Commodity research house of the year, Asia: Bank of China International
Energy Risk Asia Awards 2019: In-depth local knowledge combined with sophisticated global macro analysis differentiates Chinese bank’s research
Being competitive in commodities research today requires understanding a broader range of market indicators than ever before. A nuanced understanding of global supply-and-demand fundamentals – especially the more opaque ones – remains central. However, the financialisation of some commodity markets means price drivers now derive from a wide array of asset classes. Ascertaining which ones are exerting the strongest influence on commodities prices at any one time is extremely challenging. Additionally, the continuing heavy influence of China requires a deep understanding of Chinese economic policy and corporate sentiment.
Few research teams are expert in all of this, but the market strategy and research team at Bank of China International stands out.
“The combination of our in-depth China knowledge with our global perspective is what differentiates us,” says Xiao Fu, head of commodity markets strategy. “We marry the best of the two worlds.”
For those outside China, the country’s economic policy can be confusing, she notes. Having an ‘insider’s’ understanding of Chinese policy gives her team an advantage over international banks, she believes. For example, on September 16 when China’s central bank lowered the reserve requirement ratio – the reserves that commercial banks are required to keep – it was widely interpreted by mainstream banks as modest monetary easing. However, the BOCI team saw it as a bigger event. “While there was a 50-basis point cut for large banks, there was an additional 100bp for smaller city banks. I think many mainstream banks missed that point,” she says.
The team also strives to achieve a thorough understanding of Chinese government policy on, for example, electric vehicles and initiatives such as Belt and Road – the multi-billion dollar infrastructure project spearheaded by China to improve links between China and the rest of the world.
“Belt and Road is going to reshape the trade flow and supply-and-demand patterns on the global commodities market over the medium to longer term,” Fu says.

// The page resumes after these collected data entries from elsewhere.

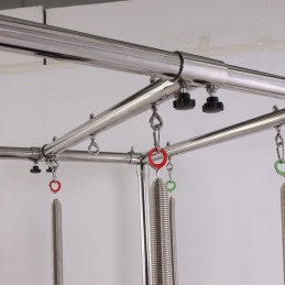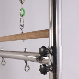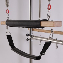 Tutte le parti metalliche sono in acciaio inox e alluminio anodizzato. Barra di stretching in acciaio inox con gomma grip e protezione imbottita. Con cinghia di sicurezza. Molle superiori e inferiori. Regolabile in 3 posizioni.
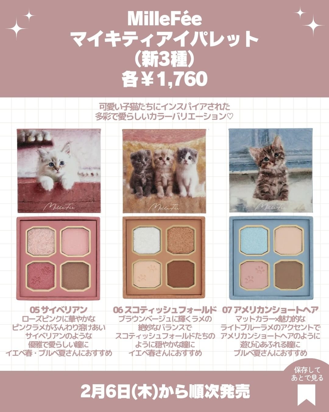 マイキティアイパレット(新色全3色)¥1,760円 発売日 02月06日 05 サイベリアン ローズピンクに華やかなピンクラメがふんわり溶けあい 優雅で愛らしい瞳に 06 スコティッシュフォールド ブラウンベージュに輝くラメの絶妙なバランスで 穏やかな瞳に
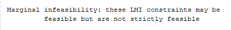 不难发现,这两个系统都是不完全可控的。但是,模态1是不可镇定的,不能够通过LMI求解出控制增益。而模态2是可镇定的,可以得到
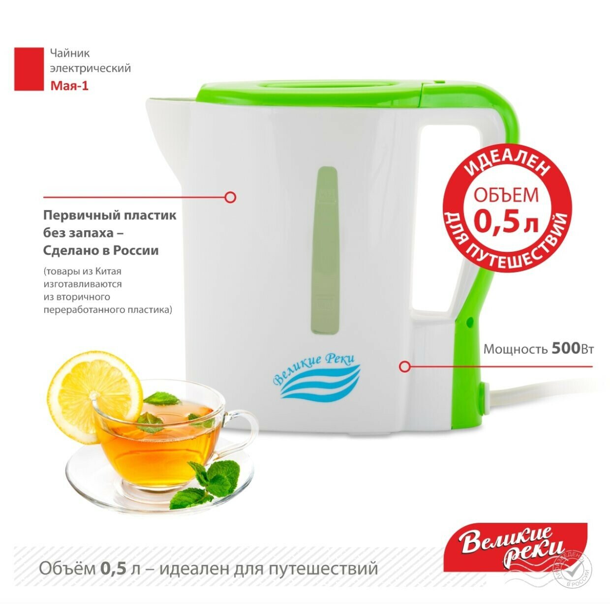 Купить Чайник электрический Великие Реки Мая-1 0,5л, пластик, бело-салатовый, 500Вт

Her team has carried out extensive research into how the initiative will affect the supply and demand of commodities, looking into which regions are resource-rich and how, for example, newly expanded ports in Sri Lanka and Pakistan might open up new trade routes.
Additionally, the research team has close links with Chinese corporates, thanks to BOCI’s many longstanding relationships in onshore China. This enables the firm to cross-check their fundamental macro demand analysis with corporations on the ground. “Our research is all channel-checked with our local contacts, so we really do our homework,” Fu adds.
The combination of our in-depth China knowledge with our global perspective is what differentiates us. We marry the best of the two worlds
Xiao Fu, Bank of China International
Meanwhile, the bank differentiates itself from its Chinese competitors by its strong analysis capability and global perspective. “Chinese banks tend to focus only on China. But for us we want to be the international face for Bank of China, so we need a good global perspective,” says Fu.
The team has developed a global supply-and-demand model for all major commodities. The supply side breaks each commodity into regions and is very granular, while the demand side takes in macro economic indicators as well as bottom-up analysis with firms to cross-check. Data from sources such as the US Energy Information Administration and the Commodity Futures Trading Commission’s Commitment of Traders report feeds directly into the team’s reports, updating them automatically.
In the last year, BOCI has broadened its coverage to include bulk commodities and also deepened its analysis of energy, base metals and precious metals markets, says Fu. In particular, it has applied machine learning techniques to its research. A major example of this is the ‘Animal Spirit’ index. This is a dynamic index with 27 different underlyings that include commodities, equities, currencies and rates. It uses artificial intelligence to weight the underlyings and quantify market sentiment.
“The model comes up with a number between +10 (meaning most bullish) and –10 (most bearish) to enable you to see whether the market is bullish or bearish and to what degree,” says Fu. “Combining this with our analysis of commodities fundamentals, we can derive our directional view.”
The team has already used the model to make some prescient calls that went against consensus. For example, in the fourth quarter of last year when oil prices started to sell off, not many people expected a collapse. But the model showed market sentiment in other asset classes to be very bearish. “That was a big surprise for me,” says Fu. “I thought oil prices may be already sold, but the model indicated further weakness ahead and I was able to inform clients of what the model suggested.”
Indeed, between October 3 and December 24, 2018, oil prices dropped 41% from $86.30 a barrel (/bbl) to $50.80/bbl.
As the financialisation of oil markets creates stronger links between commodities and other asset classes, Fu believes this model will provide greater and more useful insights. “Sometimes the fundamentals of the commodities markets really dictate price movements, but other times wider market behaviour is the driving force, so those sentiment indicators can be extremely useful.”
The team also correctly predicted the timing of this year’s gold rally, estimating that prices would surpass $1,500 an ounce. This followed its influential article on the impact of Belt and Road on gold that was published in October 2018 in the World Gold Council’s magazine.
“We’re very proud of this article due to its strategic value and the unique insight it gives into gold and commodities,” says Fu.